• **TASK DETAILS**
The line containing "Cutting the 125th Birthday Cake" marks the end; write out exactly every line from the start of the data up to and including it, without the pictures.

• **DATA PROVIDED**
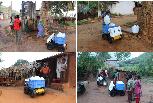
Figure 3: Husky robot helping the participants

The participant was interviewed after the task and their response recorded using the post-questionnaire [12, 13] and also in form of audio recordings. Each participant took about 45 minutes to complete the study including questionnaires.
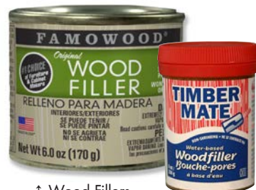
↑ Wood Fillers pages R-57 - R-59
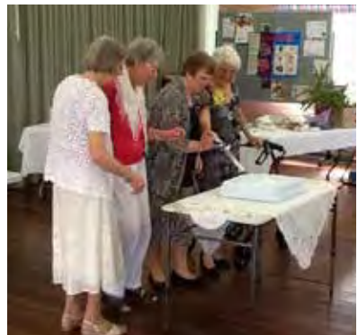
Cutting the 125th Birthday Cake
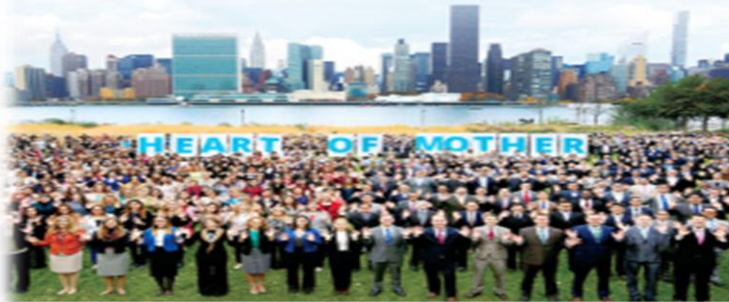
Where the world mission began North America
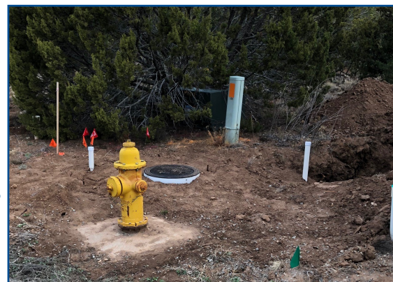
A small tractor makes work easier in neighborhoods

efficiently in these tight areas and save time on labor. This tractor is used but still in great shape and will serve Entranosa members for years to come.
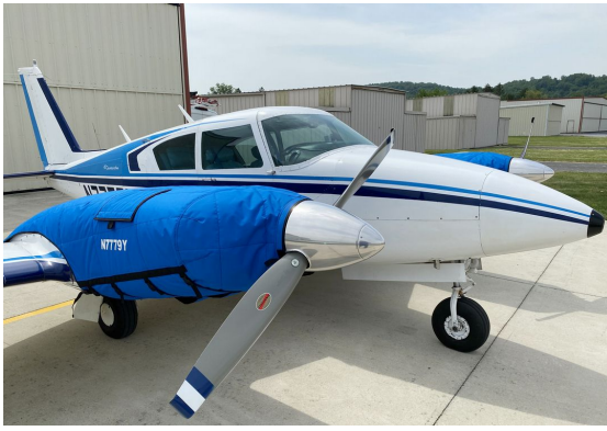
Piper PA-30 Twin Comanche Insulated Engine Covers
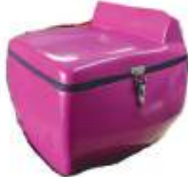
Food Delivery Box
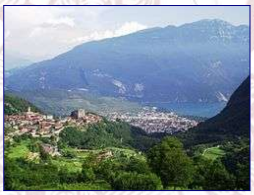
Location of Tenno
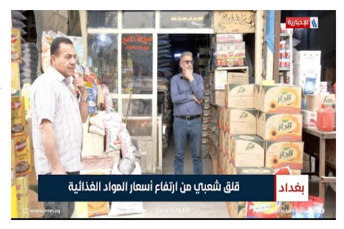
No one is interested in buying food items @IMN

Hannoun indicated that there are accelerated measures to secure foodstuffs, especially oil and sugar. He added that work is underway to find a parallel line to support the government's approaches through the commercial market and pump large quantities of food baskets to beneficiaries.
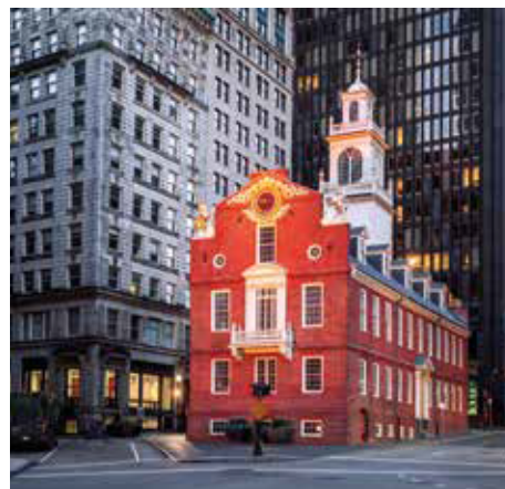
OLD STATE HOUSE, BOSTON
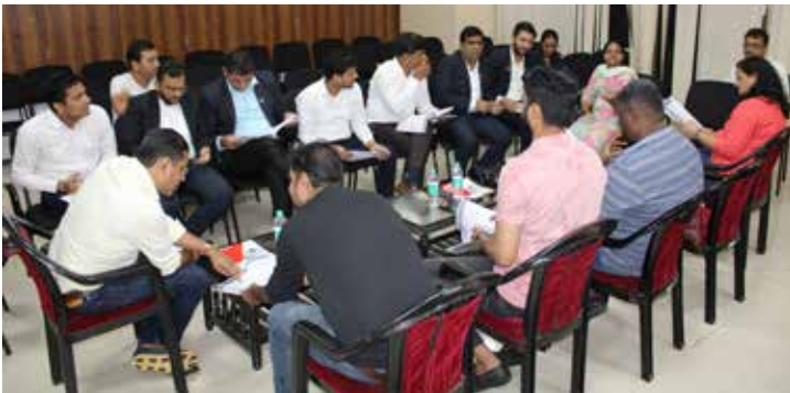
Uniting Minds and Visions: A Snapshot from the AGM of Vasai Branch, ICAI
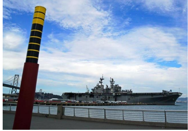
USS America (LHA-6) Arrives- docks for 2018 SF Fleet Week

“The America Class ships are built by Northrop Grumman Shipbuilding.”
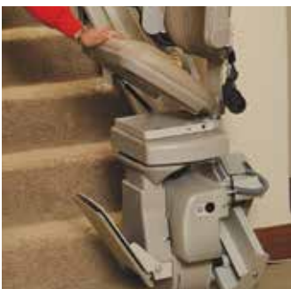
Power folding footrest automatically flips up/down when seat is raised/ lowered.
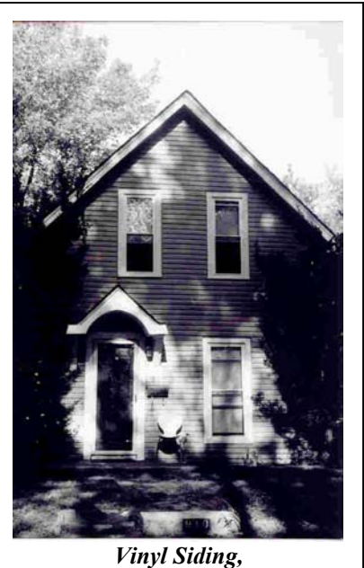
Vinyl Siding, 910 Rhode Island Street (Photo # 113)

include 910 , 1028 and 1032 Rhode Island Street. These houses, in particular, would be considered contributing if the siding were removed (Photo #s 113, 105, 106).
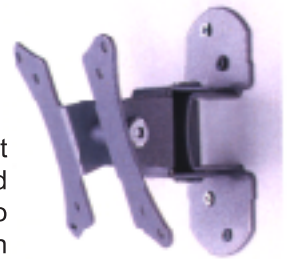
Wall Mount w/15° tilt and 180° side to side rotation
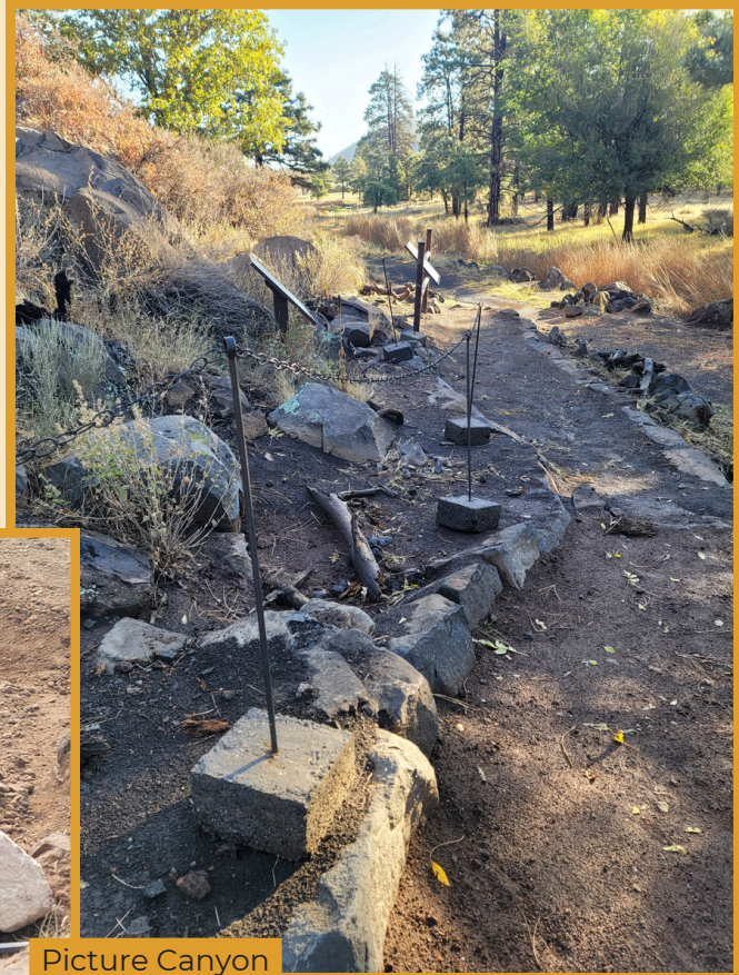
Picture Canyon restoration work

Over the course of the year, four miles of restoration work was completed at Picture Canyon with the help of the Arizona Conservation Corps and one hundred and eighty-five people who volunteered a total of 589 hours of work. The Arizona Conservation Corps also completed installing stone steps at the Petroglyph Overlook and re-routed the trail at the Waterbird Petroglyph Site so that it is no longer right up against the boulders with petroglyphs, which invited scratched graffiti.
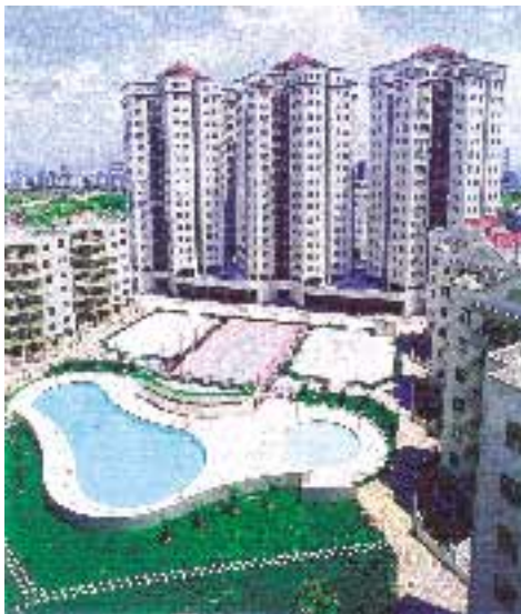
Chuang's Garden, Danshui, Huiyang

sharp cooling effect on world economy and impeded the recovery of Hong Kong's economy. In fact, the local market had a quick response with an immediate cut in marketing budget by our commercial clients since September 2001. As a result, together with other micro-economical factors, it recorded a drastic fell in turnover as compared with last year. With a good reputation in high-quality and prompt delivery, we believe it will pick up its business as soon as the external environment is improved.
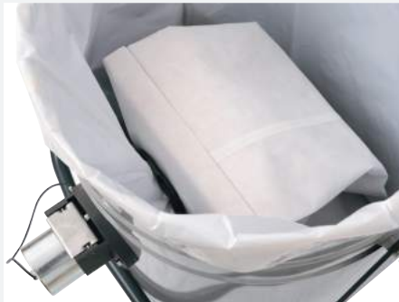
Safe bag for toxic material
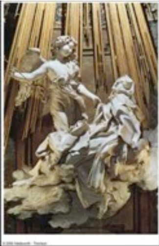
Gianlorenzo Bernini, The Ecstasy of St. Theresa, 1645-1650 Cornaro Chapel, Rome
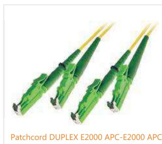
Patchcord DUPLEX E2000 APC-E2000 APC
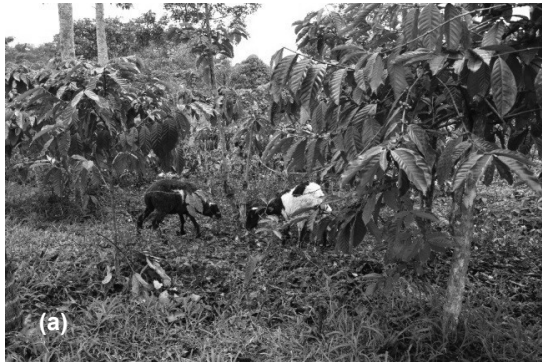
Figure 2. Demonstration plots established in Indonesia

Note: Integration of rubber, coffee, and macadamia
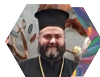
Bishop Bartholomew Greek Orthodox Archdiocese of Australia

Enabling and Resourcing Goal – Sustained member confidence in the value of NCCA
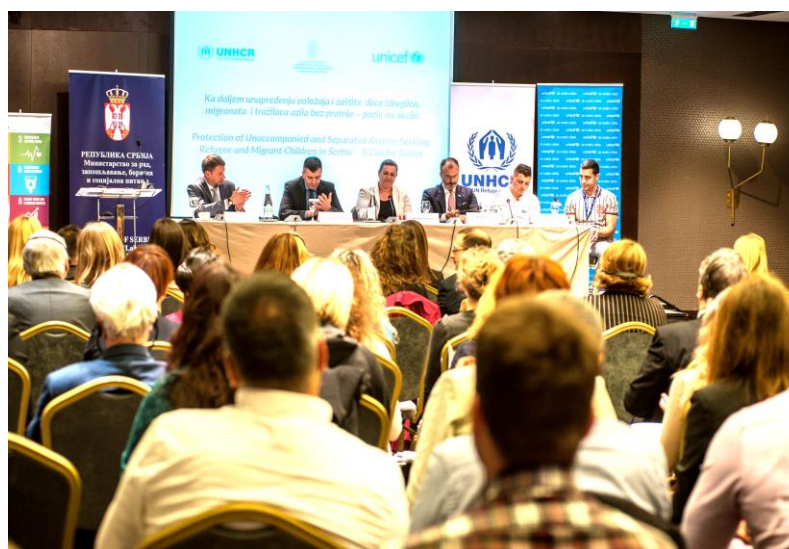
Round table "Protection of Unaccompanied and Separated Asylum-Seeking, Refugee and Migrant Children in Serbia -A Call for Action". Belgrade. 12 March 2019

CO in Belgrade, FU in South Serbia, regular monitoring presence in five Asylum Centres and 20 other sites across the country
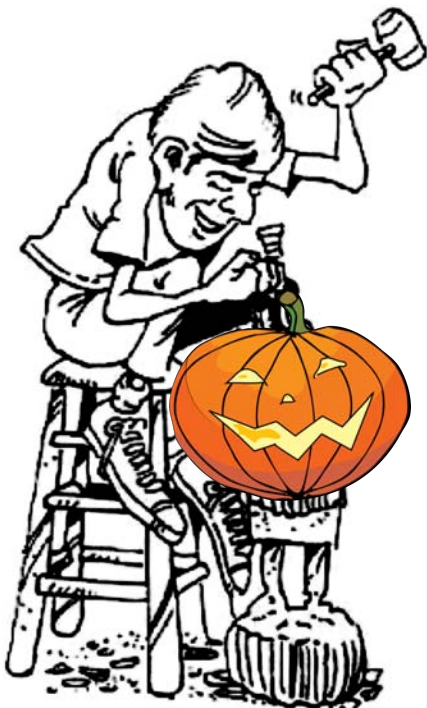
The Chippers Club logo:

Thank you to the 30+ members who have already paid their 2021-2022 dues.
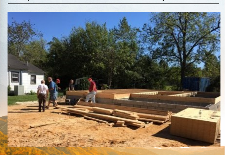
Mullen, SC Job Site October 2018
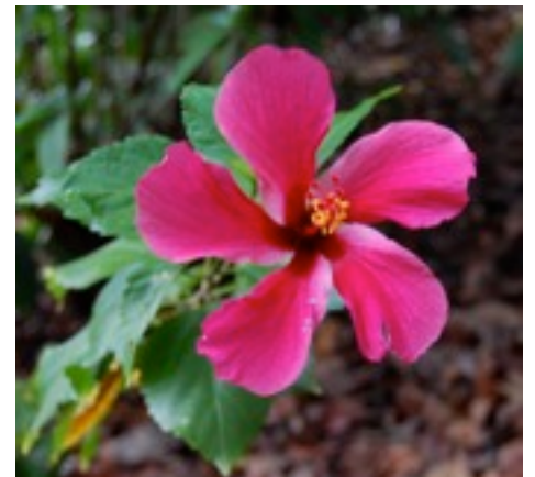
Unexpected color - Isla Paradita

Alas six hours later, we finally got 'Perky' our 87 hp Perkins up and going again, but as it was now late afternoon so we elected to stay in this beautiful little bay for yet another night. We left early the next day and sailed SW with 20+ knot winds on our port beam bound for Panama City and joining the World Cruising Club. As the sun was lowering in the west and the sky turning brilliant colors we were, once again on the lookout for fishing nets or other things that go bump... when all of a sudden this huge dark patch appears off our bow...and it was moving. What seemed at first might be a partially opened umbrella, on closer inspection turned out to be a large fin shaped as a sail... and that a sail fish was indeed sailing along using its sail... and then there was another. We never imagined that there was a reason for the name "Sailfish". And just as soon as it appeared , the pair sailed into the sunset.
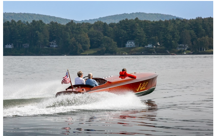
Smooth waters in September on Lake Memphremagog. See more on page 3
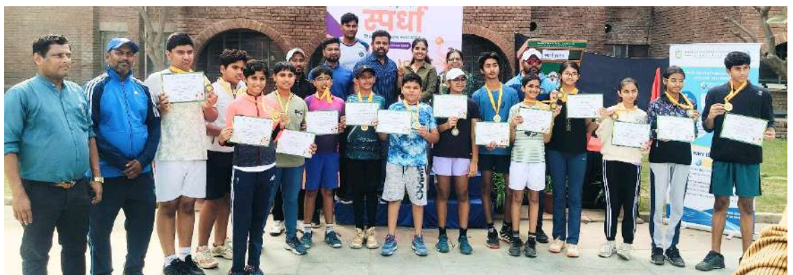
DPSG MR's Sports Fest 2024 successfully fostered a spirit of healthy competition, teamwork, and joy.
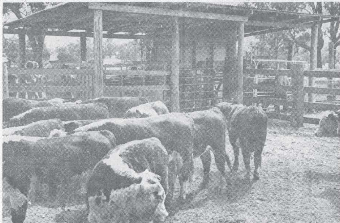
Some of the bulls under test (above) move in the new yard in front of the sheltered crush and scales.
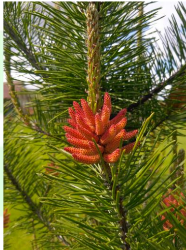
Male flowers are yellow and pink.
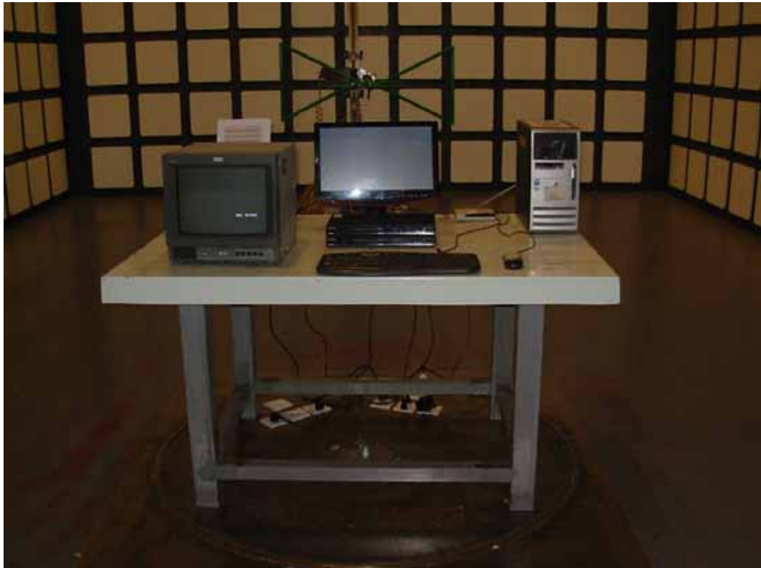
FRONT VIEW OF RADIATED EMISSION TEST
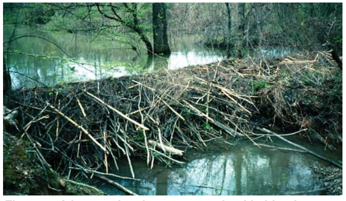
Figure 5. A beaver dam increases wetland habitat but can also flood valuable timber.

dam (Figure 5), beaver normally build bank dens or lodges out of sticks and mud. By damming a stream, beaver flood the bushes and trees which serve as their primary food source. Ponds also serve as a place to escape where a beaver can remain under water for a long period of time. They usually use bank dens in streams or where water levels fluctuate often, or lodges made of sticks and mud in shallow-water areas formed by their dams (Figure 6). Beaver enter their lodges or dens below the water level, but their living quarters are high and dry above the water level (Figure 7). Active lodges are easily recognized by
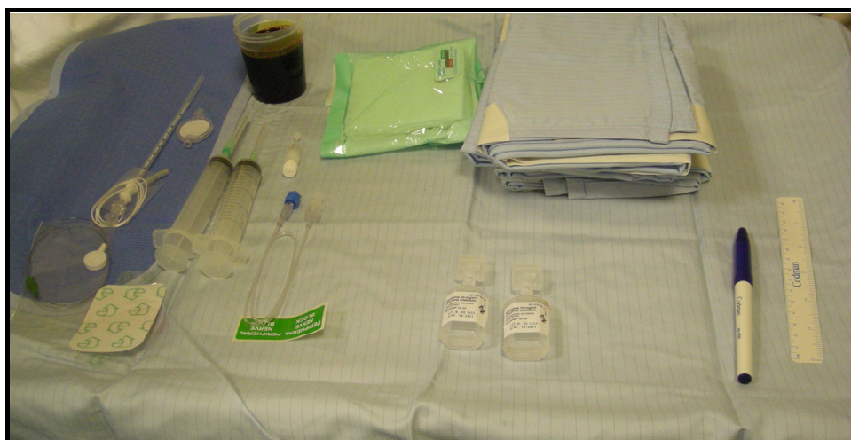
Fig. 1. Equipment

The patient should be in the supine position with legs spread slightly apart. After aseptic skin disinfection and sterile draping of the inguinal region, a local anesthetic is injected superficially. The stimulating needle insertion site is immediately below the inguinal crease, 1 to 2 cm lateral to the femoral artery pulsation. A 50-mm 18-gauge insulated stimulating needle is then connected to the peripheral nerve stimulator (PNS) with an initial current output of 1 mA (2 Hz, 0.1 ms). The stimulating needle has to be inserted with a 45° angle and advanced in a cephalad direction until quadriceps femoris muscle contractions were elicited (as evidenced by cephalad patellar movements). The needle position has to be adjusted until quadriceps femoris contractions are still elicited at a current of 0.5 mA or less. At this point, a 20-gauge catheter is introduced through the needle. The catheter is then advanced for 10 to 15 cm beyond the needle tip, needle is withdrawn and the catheter has to be secured in place. The local anesthetic of choice, has to be injected slowly through the catheter.

• **RESPONSE TO THE TASK**
Figure 3: Husky robot helping the participants

The participant was interviewed after the task and their response recorded using the post-questionnaire [12, 13] and also in form of audio recordings. Each participant took about 45 minutes to complete the study including questionnaires.
↑ Wood Fillers pages R-57 - R-59
Cutting the 125th Birthday Cake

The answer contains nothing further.